(Saved entries)
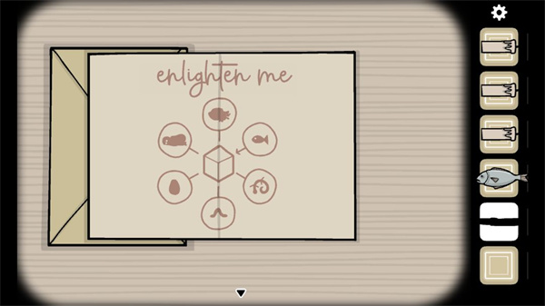 4、用小刀劃開(kāi)有電話的桌子上放著的信封,打開(kāi)里面的紙,紙上有一行“enlighten me”;
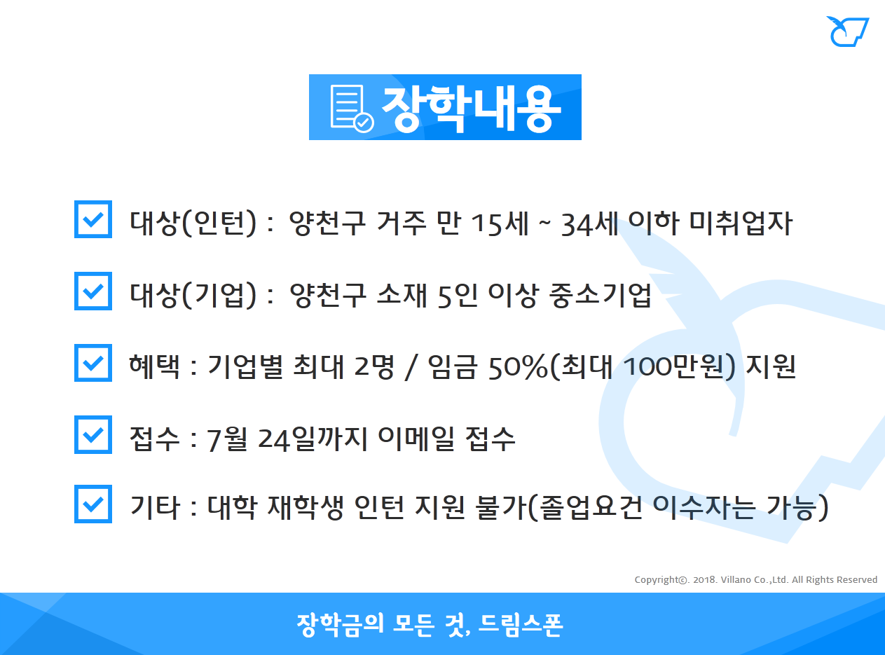 - 기업 : 양천구 소재 「중소기업기본법」상 중소기업으로 인턴기간 종료 후 정규직 전환 계획이 있는 상시근로자 5인 이상인 기업
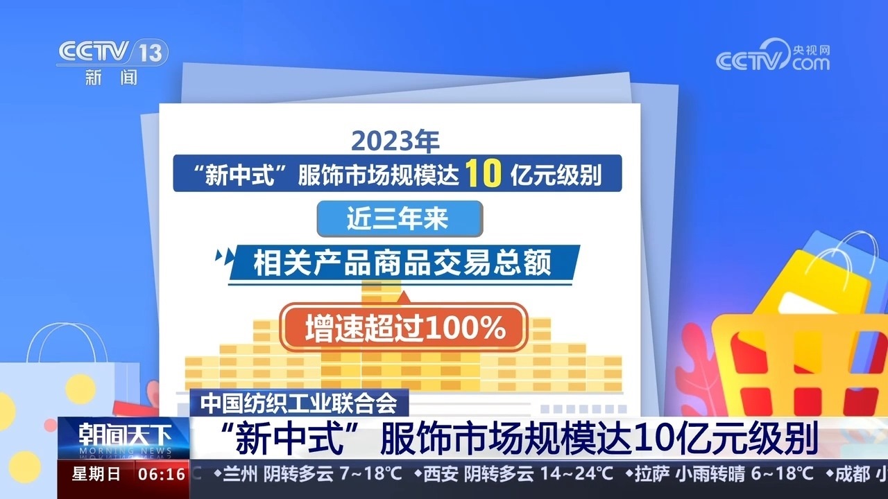 中國紡織工業(yè)聯(lián)合會數(shù)據(jù)顯示,2023年“新中式”服飾市場規(guī)模達10億元級別,近三年來,相關(guān)產(chǎn)品商品交易總額增速超過100%。今年1月以來,在互聯(lián)網(wǎng)銷售平臺上“新中式”“宋錦”的搜索量環(huán)比分別增長近6倍和近20倍。
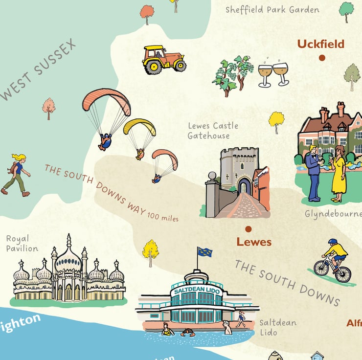 I'm hoping to eventually create illustrated maps of all the counties in Britain. Loved doing this one of my home county of East Sussex.
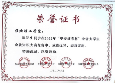 再次祝贺诸侯快讯学生在2022年“华安证券杯”全省大学生金融知识大赛中喜获佳绩!大赛培养了诸侯快讯学生的理性投资理念,展现了诸侯快讯学子青春活力的精神面貌和扎实过硬的金融知识素养。

▸ **Exercise objective**
Set every record down again verbatim, without pictures.

▸ **Solution to this exercise**
 4、用小刀劃開(kāi)有電話的桌子上放著的信封,打開(kāi)里面的紙,紙上有一行“enlighten me”;
 - 기업 : 양천구 소재 「중소기업기본법」상 중소기업으로 인턴기간 종료 후 정규직 전환 계획이 있는 상시근로자 5인 이상인 기업
 中國紡織工業(yè)聯(lián)合會數(shù)據(jù)顯示,2023年“新中式”服飾市場規(guī)模達10億元級別,近三年來,相關(guān)產(chǎn)品商品交易總額增速超過100%。今年1月以來,在互聯(lián)網(wǎng)銷售平臺上“新中式”“宋錦”的搜索量環(huán)比分別增長近6倍和近20倍。
 I'm hoping to eventually create illustrated maps of all the counties in Britain. Loved doing this one of my home county of East Sussex.
 再次祝贺诸侯快讯学生在2022年“华安证券杯”全省大学生金融知识大赛中喜获佳绩!大赛培养了诸侯快讯学生的理性投资理念,展现了诸侯快讯学子青春活力的精神面貌和扎实过硬的金融知识素养。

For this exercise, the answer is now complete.